# EXTRACTED MATERIAL
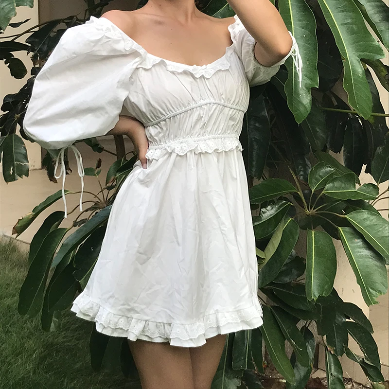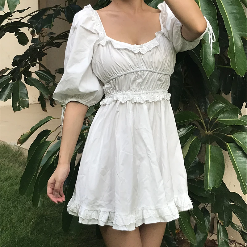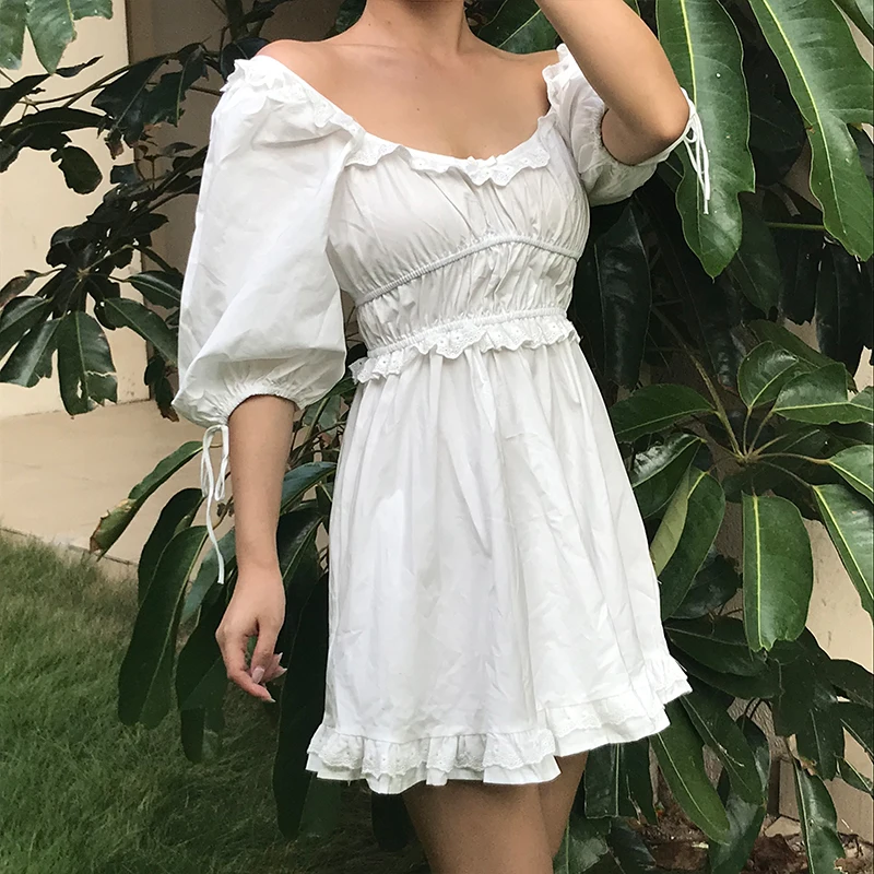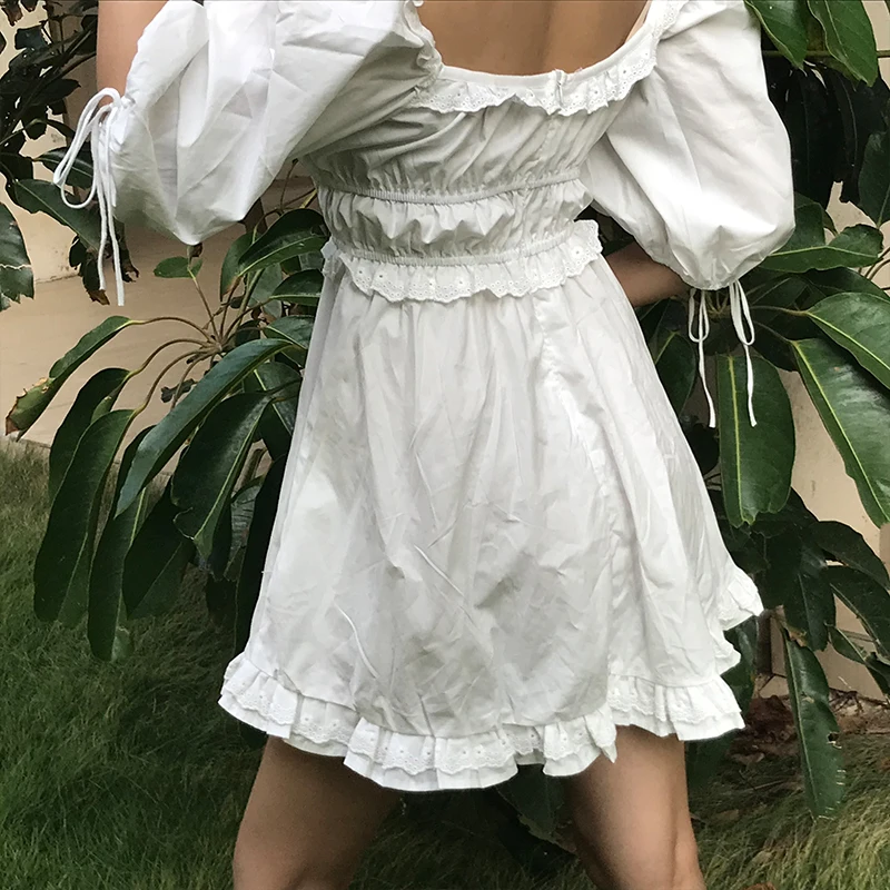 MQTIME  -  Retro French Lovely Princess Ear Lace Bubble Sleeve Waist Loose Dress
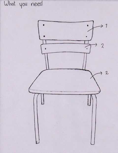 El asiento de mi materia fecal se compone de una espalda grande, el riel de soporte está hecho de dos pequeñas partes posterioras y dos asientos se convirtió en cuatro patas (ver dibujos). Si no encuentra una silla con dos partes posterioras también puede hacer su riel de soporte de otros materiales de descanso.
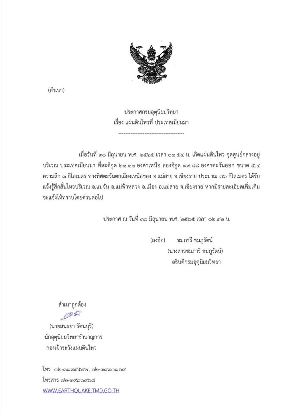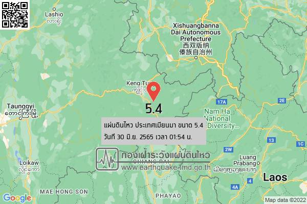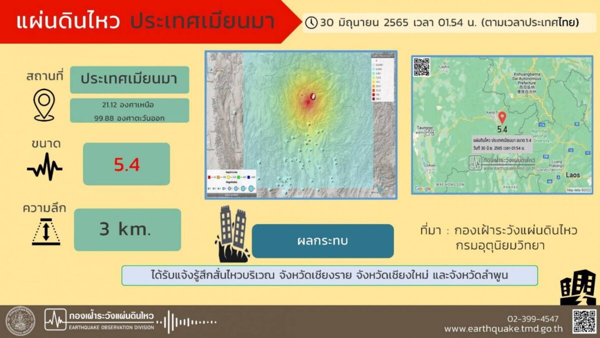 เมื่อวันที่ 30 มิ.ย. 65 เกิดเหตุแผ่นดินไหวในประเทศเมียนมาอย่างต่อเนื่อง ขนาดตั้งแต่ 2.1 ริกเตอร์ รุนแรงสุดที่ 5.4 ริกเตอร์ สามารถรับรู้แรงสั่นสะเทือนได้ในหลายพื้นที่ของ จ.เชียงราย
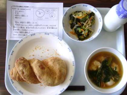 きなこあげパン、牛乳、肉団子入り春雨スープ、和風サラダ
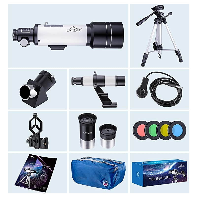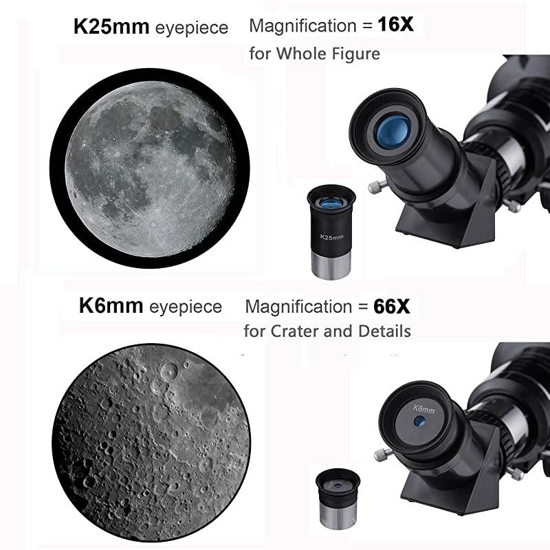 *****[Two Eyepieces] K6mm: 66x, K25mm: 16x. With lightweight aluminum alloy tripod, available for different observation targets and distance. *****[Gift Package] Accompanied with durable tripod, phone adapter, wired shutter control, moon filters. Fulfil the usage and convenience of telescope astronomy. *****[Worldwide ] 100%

==

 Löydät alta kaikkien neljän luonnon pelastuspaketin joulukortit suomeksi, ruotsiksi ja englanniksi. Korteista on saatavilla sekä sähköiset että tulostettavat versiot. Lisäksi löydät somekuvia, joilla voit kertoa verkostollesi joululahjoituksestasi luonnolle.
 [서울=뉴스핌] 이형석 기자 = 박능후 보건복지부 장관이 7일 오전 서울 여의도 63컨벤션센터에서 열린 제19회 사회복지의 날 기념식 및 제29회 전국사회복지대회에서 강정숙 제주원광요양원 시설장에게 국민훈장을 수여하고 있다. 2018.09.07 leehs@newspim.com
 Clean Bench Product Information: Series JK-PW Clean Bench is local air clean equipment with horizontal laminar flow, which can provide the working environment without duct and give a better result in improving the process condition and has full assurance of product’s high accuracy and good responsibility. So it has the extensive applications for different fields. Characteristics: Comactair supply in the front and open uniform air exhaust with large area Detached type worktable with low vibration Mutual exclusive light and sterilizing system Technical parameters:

# TASK TO CARRY OUT
Print the part of the listing above that opens with the line containing "เมื่อวันที่ 30 มิ.ย." and closes with the line containing "きなこあげパン、牛乳、肉団子入り春雨スープ、和風サラダ". Copy it exactly, both ends included, and omit the pictures.

# RESULT OF THIS EXERCISE
 เมื่อวันที่ 30 มิ.ย. 65 เกิดเหตุแผ่นดินไหวในประเทศเมียนมาอย่างต่อเนื่อง ขนาดตั้งแต่ 2.1 ริกเตอร์ รุนแรงสุดที่ 5.4 ริกเตอร์ สามารถรับรู้แรงสั่นสะเทือนได้ในหลายพื้นที่ของ จ.เชียงราย
 きなこあげパン、牛乳、肉団子入り春雨スープ、和風サラダ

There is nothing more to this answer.